In Situ Hydrogel-Forming Powders Containing Eutectic Mixture of Curcumin-Arginine as a Multi-Drug Delivery System for Wound Healing Applications

Faranak Ghaderi 1 ORCID logo, Saeed Fathyounes 2, Shahram Emami 3* ORCID logo

1 Department of Food and Pharmaceutical Control, School of Pharmacy, Urmia University of Medical Sciences, Urmia, Iran.
2 Student Research Committee, School of Pharmacy, Urmia University of Medical Sciences, Urmia, Iran.
3 Department of Pharmaceutics, School of Pharmacy, Urmia University of Medical Sciences, Urmia, Iran.
*Corresponding Author: Shahram Emami, Email: emami.sh@umsu.ac.ir

Abstract

Background: Curcumin (CUR) has antimicrobial, anti-inflammatory, and antioxidant bioactivities and is a promising molecule to treat chronic wounds. However, CUR shows limited oral bioavailability due to low aqueous solubility and dissolution, chemical instability, and rapid metabolism in the gastrointestinal tract and liver. Therefore, topical delivery seems to provide therapeutic concentrations of CUR in a controlled manner. Arginine (ARG) promotes the wound healing process. CUR and ARG form a eutectic mixture (EMCA) that can be used for simultaneous improvement of dissolution of CUR and combinational wound therapy. Here, we have formulated in situ hydrogel-forming powders of EMCA using hydrophilic carriers.

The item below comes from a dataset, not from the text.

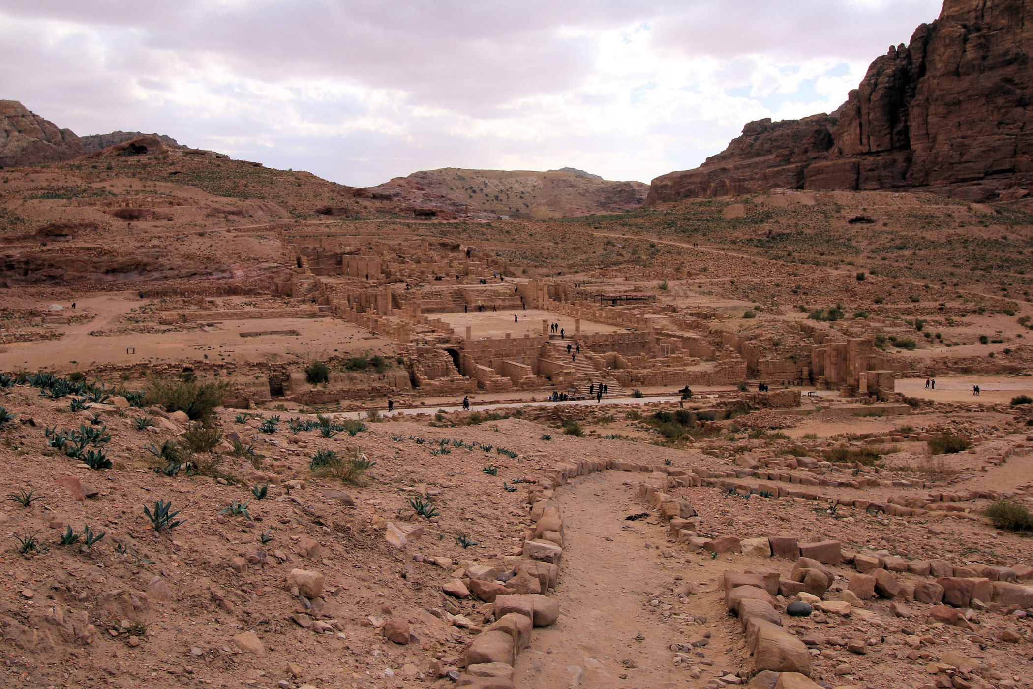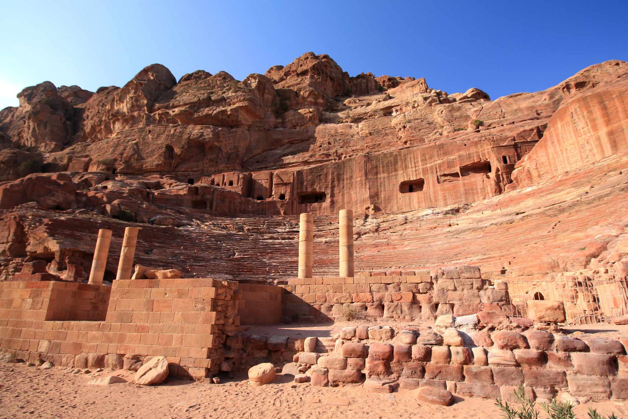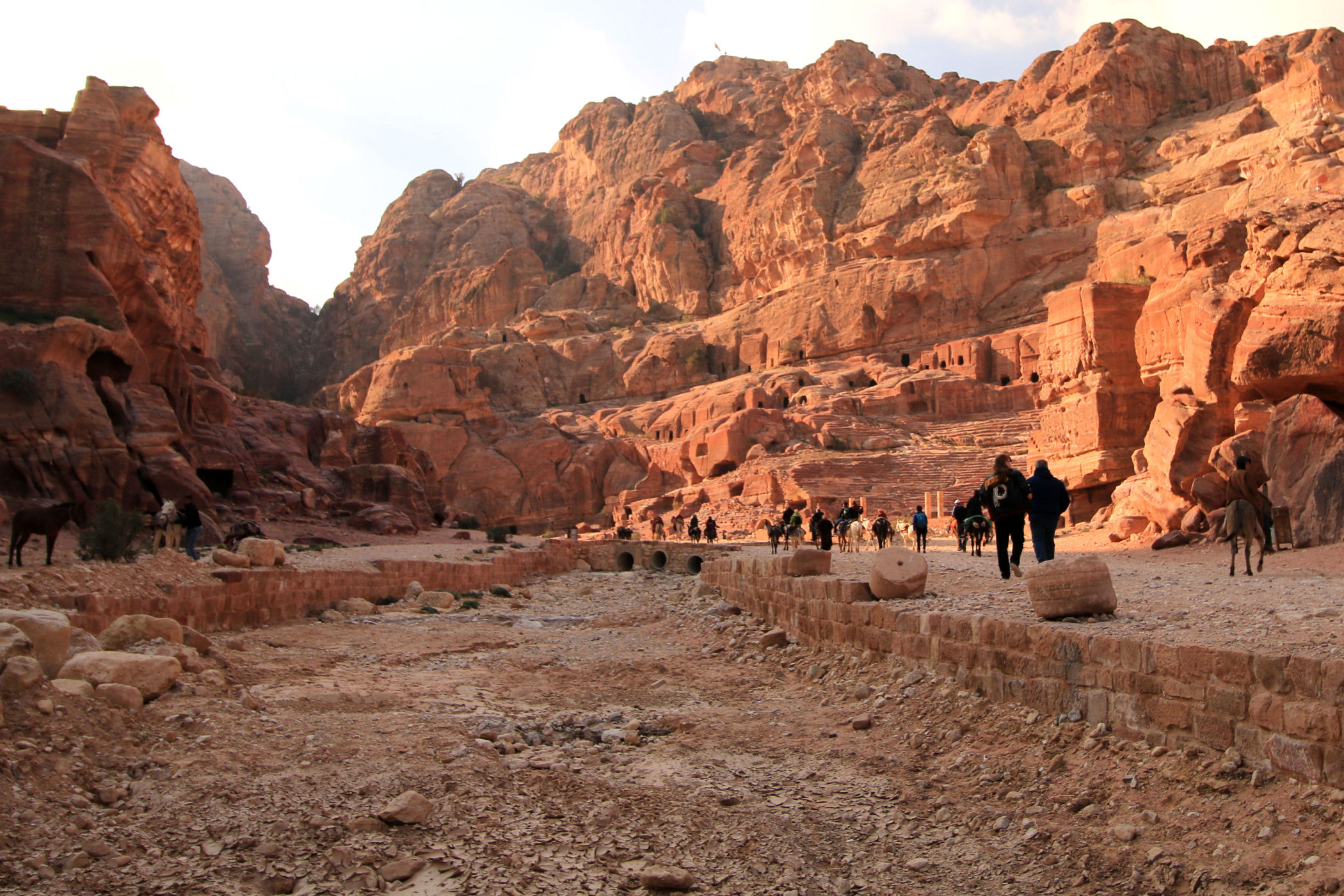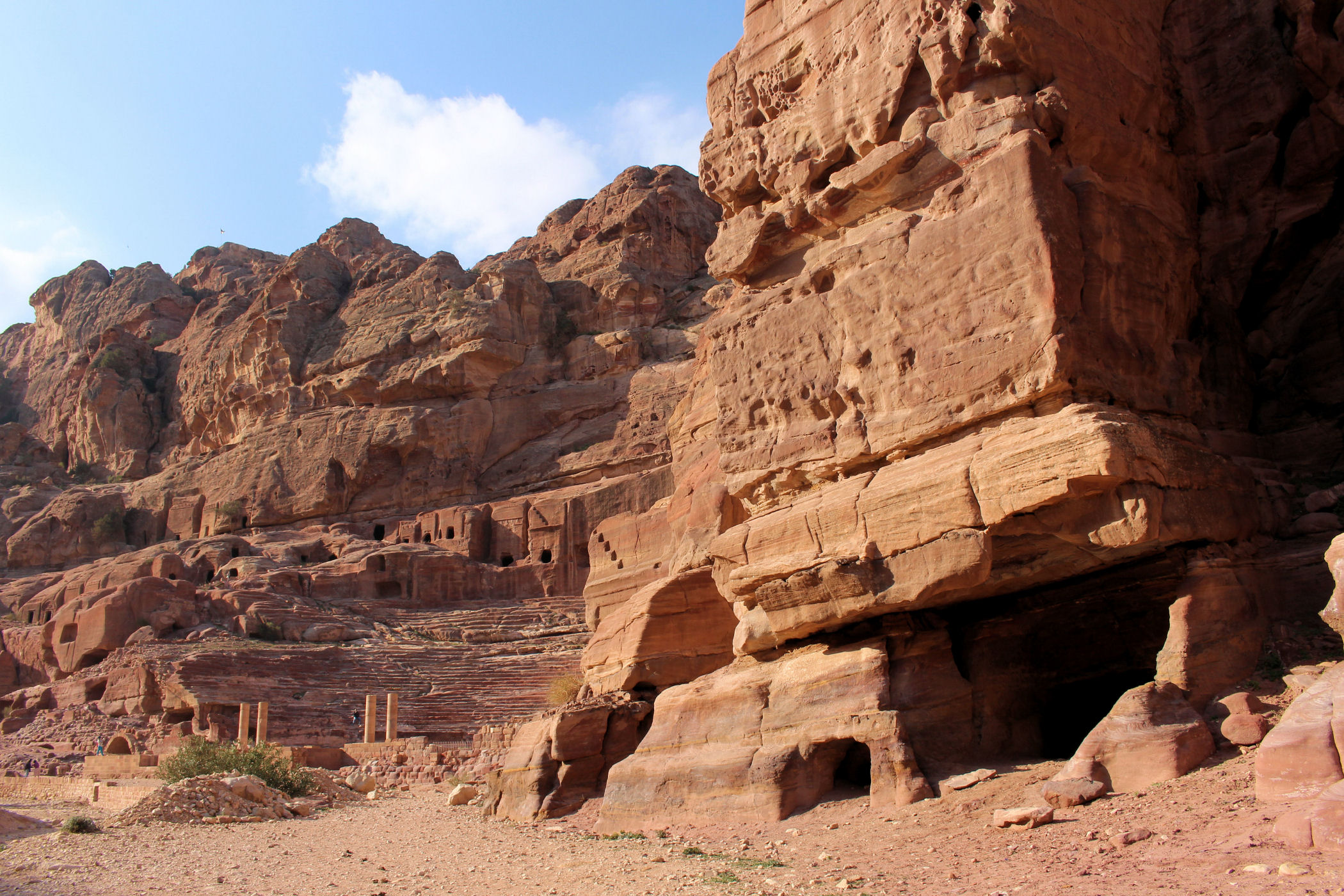 I tak po prawie 3 km docieramy do ogromnego rzymskiego Amfiteatru. To jeden z największych obiektów w Petrze, który zbudowany był w I w. n.e. na 6 ( a nawet10 tysięcy ) widzów. Powstał za panowania Aretasa IV. , ale rozbudowany po zajęciu Petry przez Trajana. Znaczna część teatru została wyrzeźbiona w litej skale co nadaje mu niesamowitą kolorystykę. Zbudowano jedynie scenę i ścianę zewnętrzną. Widownia teatru składa się z trzech poziomych sekcji siedzeń oddzielonych korytarzami. Amfiteatr widoczny jest w całej okazałości ze szlaku wiodącego nad Skarbiec, który zaczyna się tuż za nim po prawej stronie – opis TUTAJ.

Methods: EMCA was prepared by liquid-assisted grinding and analyzed by powder X-ray diffraction (PXRD) and Fourier transform infrared (FT-IR) methods. The formulations were prepared by mixing EMCA with sodium carboxy methyl cellulose, sodium alginate, and polyethylene glycol. Optical microscopy, flow property, dissolution rate, water uptake, hydrogel forming ability, release profile, and antioxidant activity of the formulated powders were measured and compared with raw CUR.

Results: The solid-state analyses revealed the formation of EMCA. Photographs showed that EMCA exhibited a lower particle size than raw CUR and ARG. The formulation content significantly affected fluid uptake, hydrogel-forming ability, and dissolution rate. The optimized formulation (FEP5) showed a considerable enhancement in the dissolution rate of CUR and could control the release. FEP5 also demonstrated promising characteristics including high fluid uptake and suitable hydrogel-forming ability. FEP5 enhanced the antioxidant activity of CUR from 9% to 50%. Additionally, FEP5 exhibited improved flow properties compared to raw CUR, which is crucial for practical applications in wound therapy.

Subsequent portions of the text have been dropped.